Anyone Can Make A Difference

NewsMax reported yesterday that the initiative to stop the automatic gasoline tax increases in Massachusetts has made it onto the November ballot. The effort to get this on the ballot was a true grassroots effort.

The article reports:

Having secured a position on the fall ballot and with little money to propel it, the initiative to thwart an automatic rise in the gas tax by linking it to inflation could have an impact on other states if Bay State voters pass it this fall.

As Barbara Anderson, executive director of Citizens for Limited Taxation, told Newsmax, “Any time a tax cut passes in blue-state Massachusetts, it gives hope to taxpayers everywhere.
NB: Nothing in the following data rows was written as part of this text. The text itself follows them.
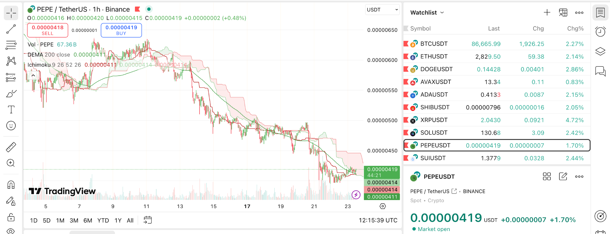 Pepe coin price prediction talk is growing again as PEPE trades at $0.00000419, far below its recent highs. The token is trying to bounce, but the charts still show strong selling pressure. PEPE sits under the MA-20, MA-50, and MA-200, which means the trend is still down across all time frames. The RSI is also at 25, showing deep oversold levels.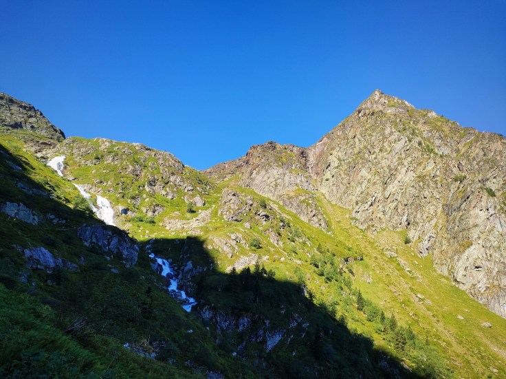 En el último tramo nos acercaremos a la generosa cascada que baja del Lac Bleu. Es un entorno muy fotogénico con las paredes de la cara Este del Bizourtère que cae a pico por esta vertiente.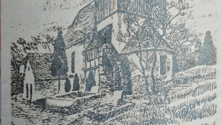 AIte Kirche zu Hermannsgrün bei Greiz. Sie stammte in ihrem ältesten Teil (AItarplatz mit Rotunte) aus der Zeit vor Beginn der Frühgotik . Um 1500 durch Anbau eines Langhauses (Frühgotik ) erweitert und dann im Renaissance Stil unvorteilhaft ausgebaut. Sie besaß 2 Emporen mit biblischen Bilderschmuck . 1892/93 wurde sie wegen Baufälligkeit abgerissen. Abb. 2 ist eine Zeichnung des Mohlsdorfer Hermann Pampel

In other words, if we can do it, so can they.”

Veteran Massachusetts political consultant Holly Robichaud told Newsmax: “You have to remember that Massachusetts is the birthplace of the American Revolution and citizen outrage against ‘taxation without representation.’ And that’s about what happened here last year.”
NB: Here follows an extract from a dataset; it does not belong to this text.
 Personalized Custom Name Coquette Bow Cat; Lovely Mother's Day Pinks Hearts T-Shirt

She was referring to a vote in the overwhelmingly Democratic Massachusetts Legislature for a $500 million tax package. Buried within the package was the 3 cents per gallon tax increase. But far more significantly, the package also included language stating that the gas tax would now be linked to inflation.

“That means when inflation goes up, so does the gas tax — automatically, and without a vote by elected representatives,” Robichaud explained. “Theoretically, it could rise to infinity and beyond.”

Her view was strongly seconded by veteran tax battler Edward F. King, chairman of King Information Systems, founder of Citizens for Limited Taxation, and a Republican candidate for governor in 1978.

This is good news for Massachusetts residents, but it also an example of how ordinary citizens can undo the mischief that politicians do.

The article reports how it was done:

Although the potentially explosive linkage of the gas tax hike to inflation was largely ignored in the press, Robichaud, with her political ear to the ground, called a meeting at her Scituate home. Over Chinese food, activist Republicans, including former U.S. House candidate Marty Lamb, state Rep. Geoff Diehl, and GOP State Committeeman Steve Aylward plotted how to stop the tax link to inflation from becoming law.

Out of the meeting came language for a proposed statewide initiative that would not repeal the gas tax increase, but decouple it from inflation. As Robichaud explained, “We wanted the debate to be about automatic tax hikes. I think the debate on the principle is more important than 3 cents.”

Without this initiaitve (and hopefully a victory in November), the gas tax would have risen automatically without any legislator having to take responsibility for the increase–a politician’s dream and a taxpayer’s nightmare.